Spring is the season of firsts in many respects. In Alaska and Maine, it’s time to welcome the first salmon and crack the first lobster, as both species begin their migration to the shore.

Last Friday, May 19, celebrations in Tenants Harbor, Maine, and Anchorage, Alaska, marked not only the start of the state lobster and salmon seasons but also the growth of businesses built on these fisheries.

Luke’s Lobster celebrated the anniversary of its first Maine location, which opened in Tenants Harbor in 2016, bringing the business back to founder Luke Holden’s home state. Holden started the company in 2009 with the opening of a restaurant in Manhattan’s East Village. He went on to pop up more than 20 other locations in major cities across the country and in Tokyo since 2009.

What makes the Tenants Harbor location unique is its cofounding with the Tenants Harbor Fisherman’s Co-op. Most lobster co-ops or pounds are holding areas for the live product before it is sold again to a third party to be distributed to retail and wholesale outlets.
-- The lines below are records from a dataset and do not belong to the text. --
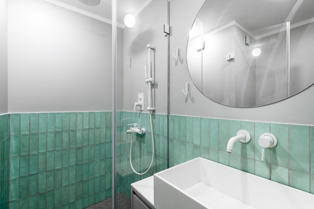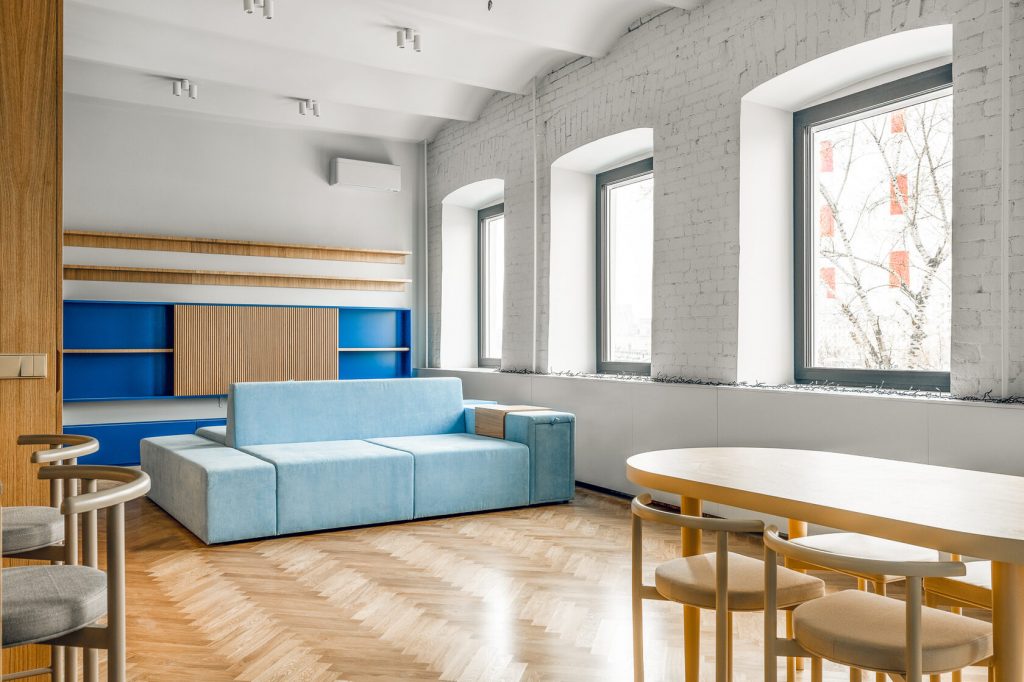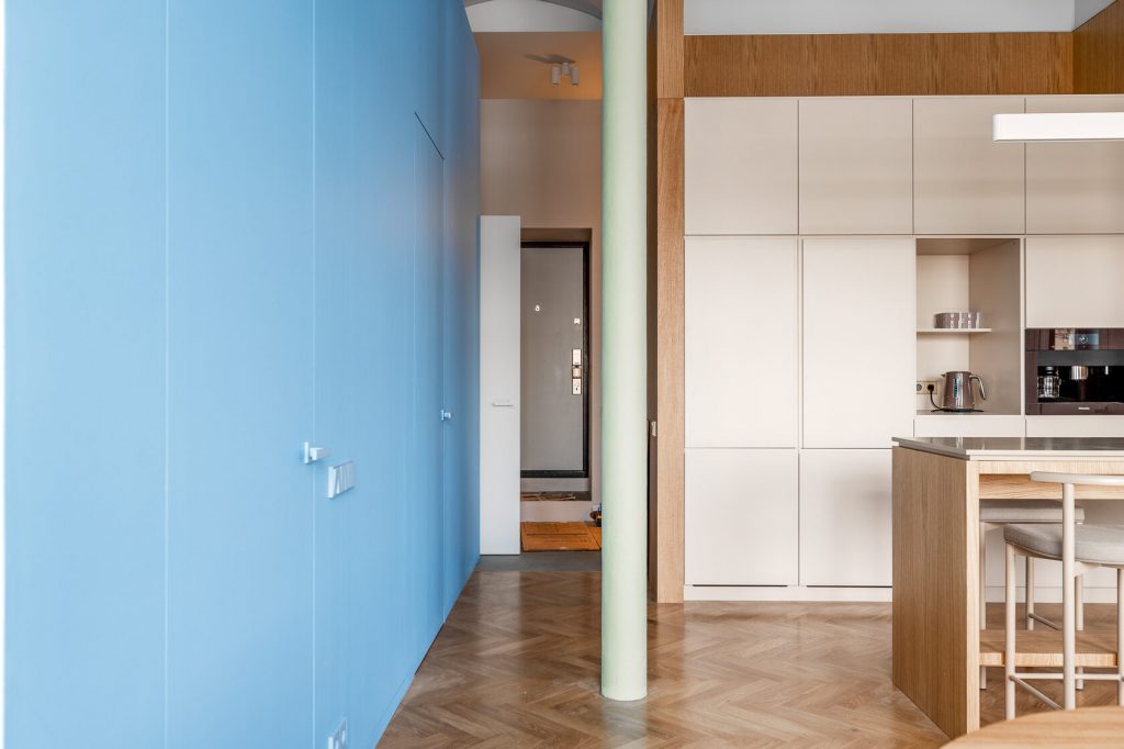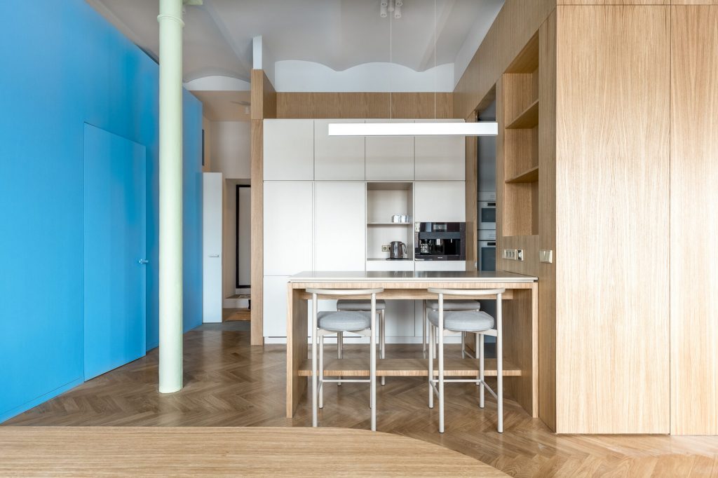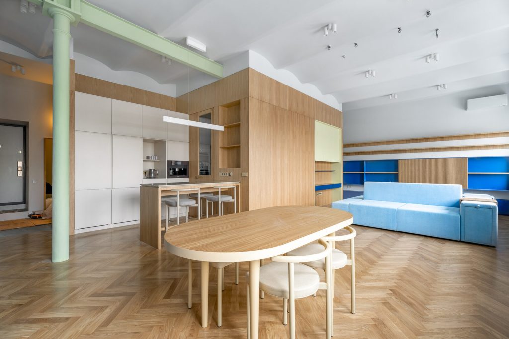 Кухня-гостиная выполнена в голубом и фисташковом цветах — они очень эффектно сочетаются с деревом в отделке. За счет белого цвета все комнаты органично сливаются воедино.
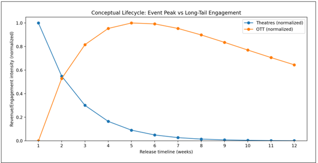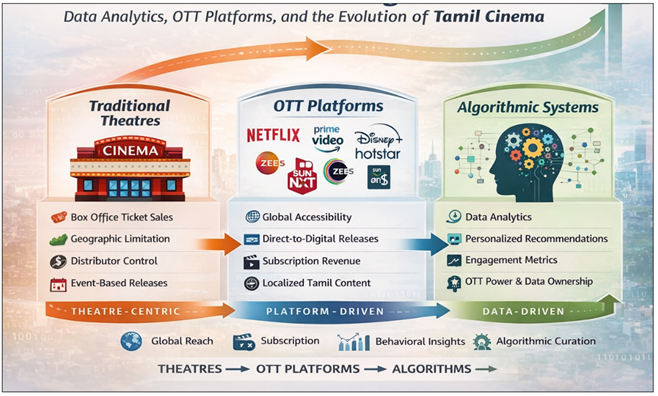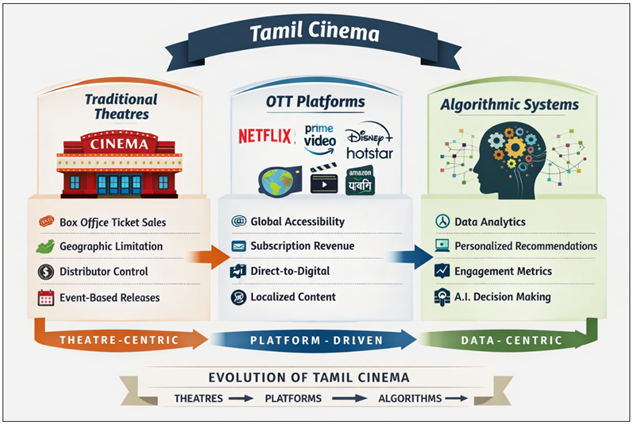 Figure 2 Evolution of Tamil Cinema 3.1. The Era of Theatrical Dominance Theatrical exercise served as the foundation of the economic system of the Tamil cinema over several decades. Primary income generators were single-screen theatres in Tamil Nadu and adjacent state with box-office performance being the deciding factor on the commercial validity of a given film. Occupancy rates, ticket sales, and length of theatrical run (so-called 100-day or silver jubilee milestones) were used as measures of success. The distribution was by region based circuits, and rights were sold by territory. Producers avoided financial risk through pre-selling distribution rights, satellite rights and overseas rights. 3.2. Star System and Box Office Economics The star system had become the staple of the theatrical Tamil cinema. Actors such as Rajinikanth, Vijay and Ajith Kumar had very large fan base that could impact on opening day collections. Star-driven economics has been employed in pre-release hype, teaser launches and festivals scheduling. This mechanism is known by the academic commentaries as risk concentration, and big-budget films rely on the influence of stars to ensure the attendance in the theaters. To project the revenue, actor market value and historic market trend of performance and distributor trust were used instead of the information on the granular audience. 3.3. Multiplex Expansion and Urban Audience Shift The growth of multiplex theatres in major cities like Chennai, Coimbatore and Madurai happened in the early 2000s. Multiplexes brought about differentiated pricing, better infrastructure and targeting the audience. It was during this time that the content started to diversify slowly with urban-inspired content and experimentation which attracted niche viewers. The multiplex model changed the way of revenue distribution; it focused on premium pricing and reduced theatrical windows. It also enabled multi-screen releases which increased the amount of revenue that could be made on opening weekend. Nevertheless, even with modernization, the model relied on physical attendance and geographic reach and did not penetrate the countryside and could not be extended to overseas markets. 3.4. Pandemic Acceleration and Direct-to-Digital Releases The Covid-19 pandemic was an act of structural disruption. As the theatres continued to stay closed, a number of the Tamil movies chose direct-to-OTT releases on services like Netflix and Amazon Prime Video. In contrast to theatrical releases, OTTs assessed content on the basis of numbers of subscribers, usage rates, and retention over time as opposed to opening weekend grosses. Film-makers enjoyed a head start in selling the rights digitally, avoiding the box-office unpredictability. Such a step represented a change of concept: the measurements of success were no longer considered in terms of ticket sales but watch time, completion rate, and engagement analytics. 3.5. Emergence of Hybrid Release Models Recovery in the wake of the pandemic brought about hybrid releases, which is the mixture of theatrical releases and the reduced length of the OTT releases. Blockbuster movies were embracing staggered release: theatrical release and then digital release in 4-8 weeks. This redistribution risk was distributed by this hybridization. Theatric releases maintained the experience and spikes of revenue of the mass event, whereas OTT releases guaranteed the prolongation of the cycles of monetization and access to the global audience. Simultaneous accessibility was obtained by the diaspora audiences thus eliminating reliance on foreign theatrical circuits. In terms of industrial aspect, Tamil cinema transformed to be geographically bound but theatre-reliant into platform-integrated and data mediated ecosystem. The decision-making parameter was moved away from the distributors and exhibitors, and on streaming platforms with predictive analytical capabilities and algorithmic curation. 4. OTT Platforms and
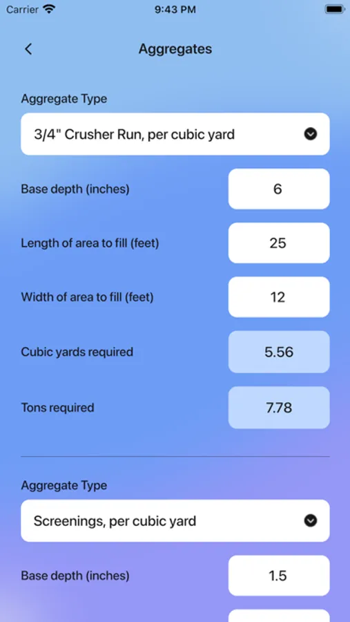 The app will help users with calculating area, quantities of aggregates, soil, mulch, sod, concrete for pours, concrete block, and natural stone. It also helps with calculating elevations and metric conversions. Once you are done, email results as a PDF for use by everyone on the team.
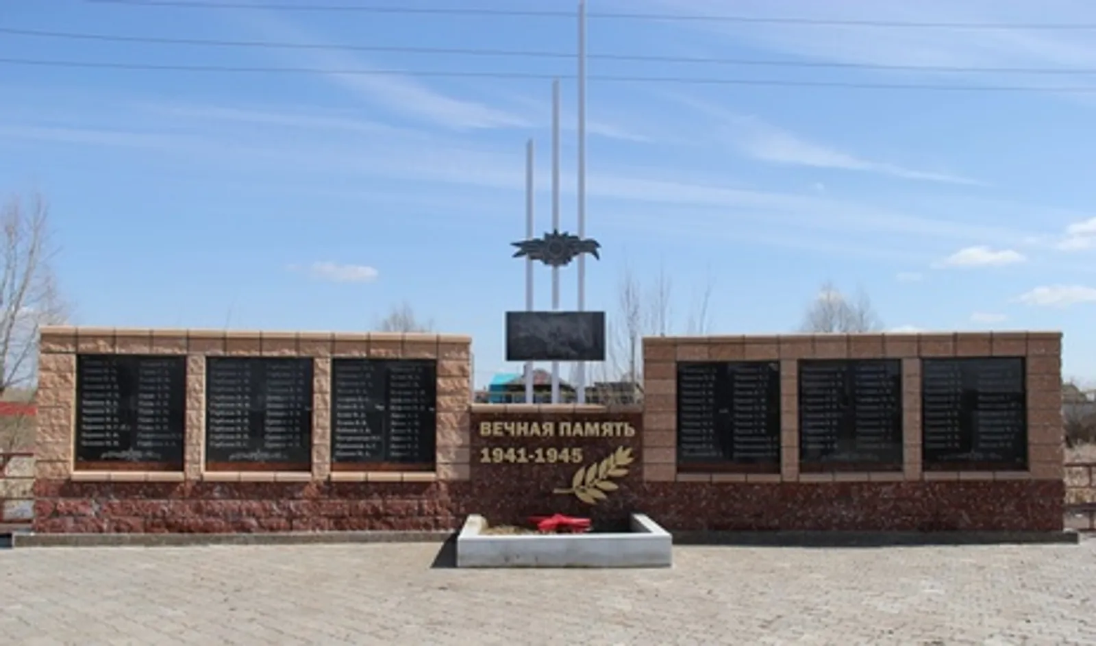 The memorial is a set of marble slabs carved with the names of the soldiers. Its central part is decorated with a golden inscription "Eternal memory. 1941-1945" and a laurel branch as a symbol of glory, victory and peace. At the foot of the stele a capsule of Eternal Flame as a red star is mounted.

But 100 percent of the lobster landed at the Tenants Harbor co-op sources Luke’s Lobster locations around the world. Talk about dock to dish!

The Alaska salmon and Maine lobster fisheries are often compared — they are both highly productive small-boat fisheries that are the life’s blood of their state’s fishermen. The brands are globally recognized, and their seasons also happen to run in parallel.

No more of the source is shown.